If a process is killed (Ctrl-C, OOM, kernel panic) while writing a file, readers may see truncated content. For configs, manifests, anything important, write atomically: write to a temp file, fsync, then rename.

The basic pattern

TMP=$(mktemp /var/lib/myapp/data.XXXXXX)
trap 'rm -f "$TMP"' EXIT
generate_data > "$TMP"
mv -- "$TMP" /var/lib/myapp/data.json
trap - EXIT

mv on the same filesystem is atomic at the kernel level — readers either see the old version or the new one, never partial.

Why same filesystem?

mv across filesystems is cp + unlink — non-atomic. If the destination is on /data (separate FS from /tmp), you must:

TMP=$(mktemp -p "$(dirname "$DEST")" data.XXXXXX)

-p DIR puts the temp file in DIR — same filesystem as DEST.

Adding fsync

mv is atomic from the kernel’s view, but the data may still be in page cache. To guarantee durability, sync first:

TMP=$(mktemp -p "$(dirname "$DEST")" .data.XXXXXX)
generate_data > "$TMP"
sync                      # flush ALL pending writes (heavyweight)
# Or, more targeted:
# python3 -c "import os; f=open('$TMP'); os.fsync(f.fileno())"
mv -- "$TMP" "$DEST"

For most use cases, the implicit kernel flushing is fine.

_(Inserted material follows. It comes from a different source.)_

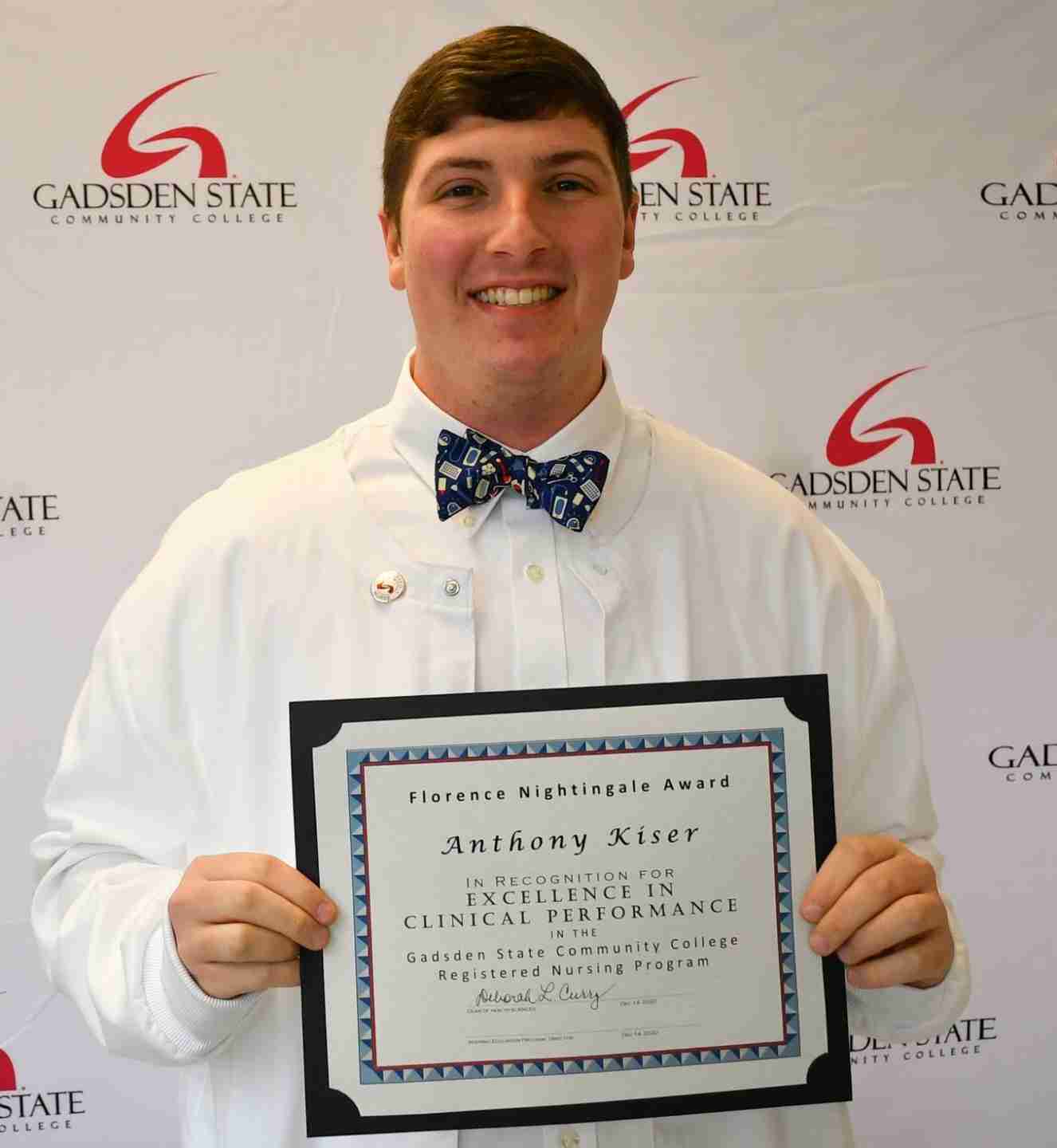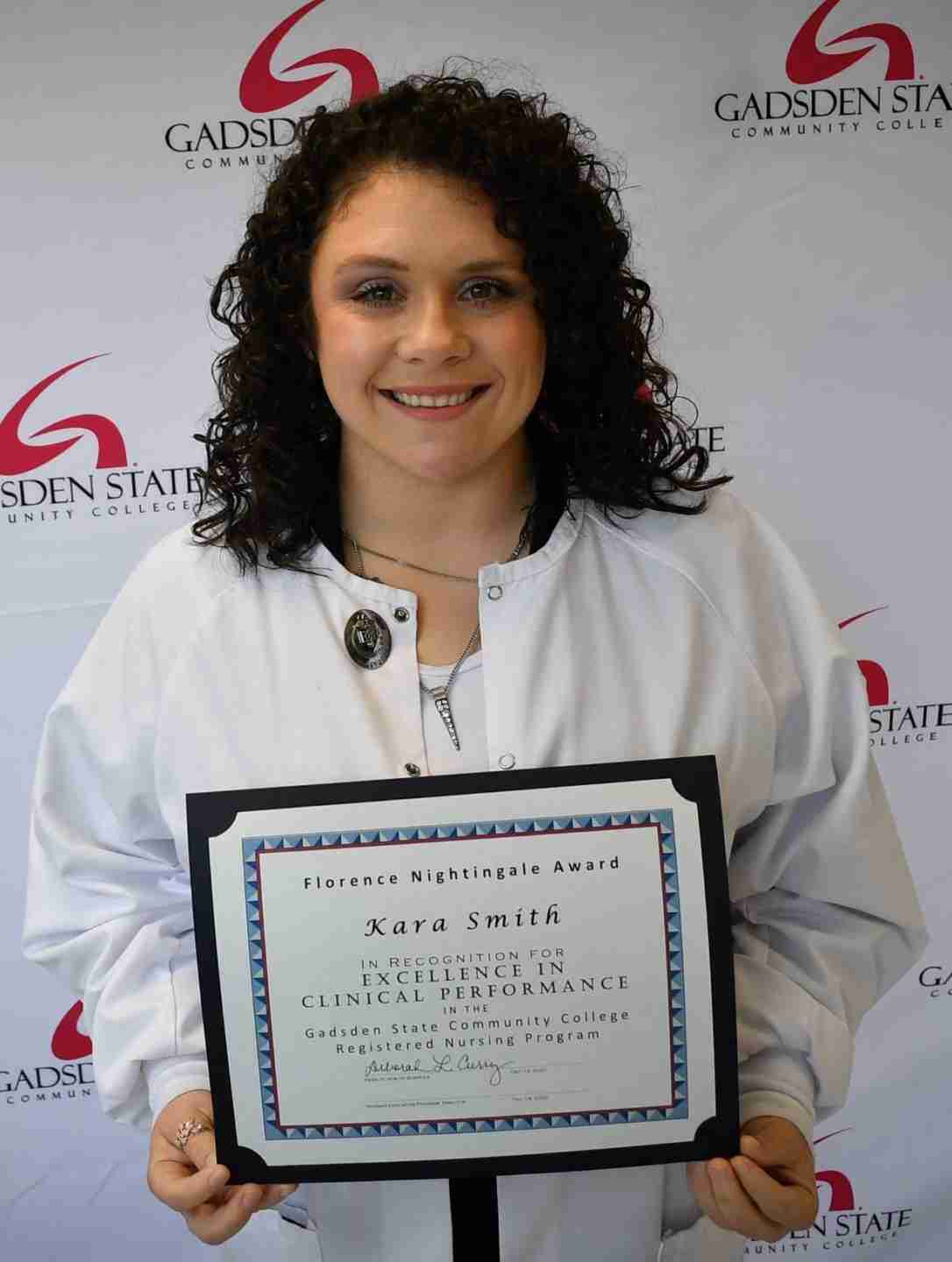 Each semester, select registered nursing students are presented with the highly-coveted Florence Nightingale Award, which recognizes those who are the most committed to caring and compassionate nursing care. Winners were selected from each cohort at Gadsden State Cherokee — one from the daytime program and one from the evening program. Kara Smith of Cedartown, Ga., was the winner for the day program, and Anthony Kiser of Piedmont was the winner for the evening program.

Add explicit sync only when crashes are a real concern (e.g. database snapshots).

Reusable helper

atomic_write() {
  local target=$1
  local tmpdir; tmpdir=$(dirname "$target")
  local tmp; tmp=$(mktemp -p "$tmpdir" ".$(basename "$target").XXXXXX")
  trap 'rm -f "$tmp"' EXIT
  cat > "$tmp"                    # read stdin → temp file
  mv -- "$tmp" "$target"
  trap - EXIT
}

# Use:
generate_config | atomic_write /etc/myapp/config.yaml

cat > "$tmp" reads stdin to the temp. The function is generic.

Atomic directory replace

For atomically replacing a directory (e.g. blue/green static content):

NEW=/var/www/site.new
LIVE=/var/www/site
OLD=/var/www/site.old

# Build the new tree
rsync -aP /source/ "$NEW/"

# Atomic flip via rename — actually two-step on most filesystems
mv -- "$LIVE" "$OLD"          # not atomic in the strict sense
mv -- "$NEW" "$LIVE"          # but very fast — sub-millisecond gap

# Cleanup
rm -rf "$OLD"

For truly atomic dir-swap, use a symlink:

# Build the new dir at /var/www/sites/v2/
rsync -aP /source/ /var/www/sites/v2/

# Atomic symlink swap (mv replaces atomically)
ln -sfn /var/www/sites/v2 /var/www/site

The ln -sfn updates an existing symlink atomically (single rename syscall). This is how most blue/green static-content deployments work.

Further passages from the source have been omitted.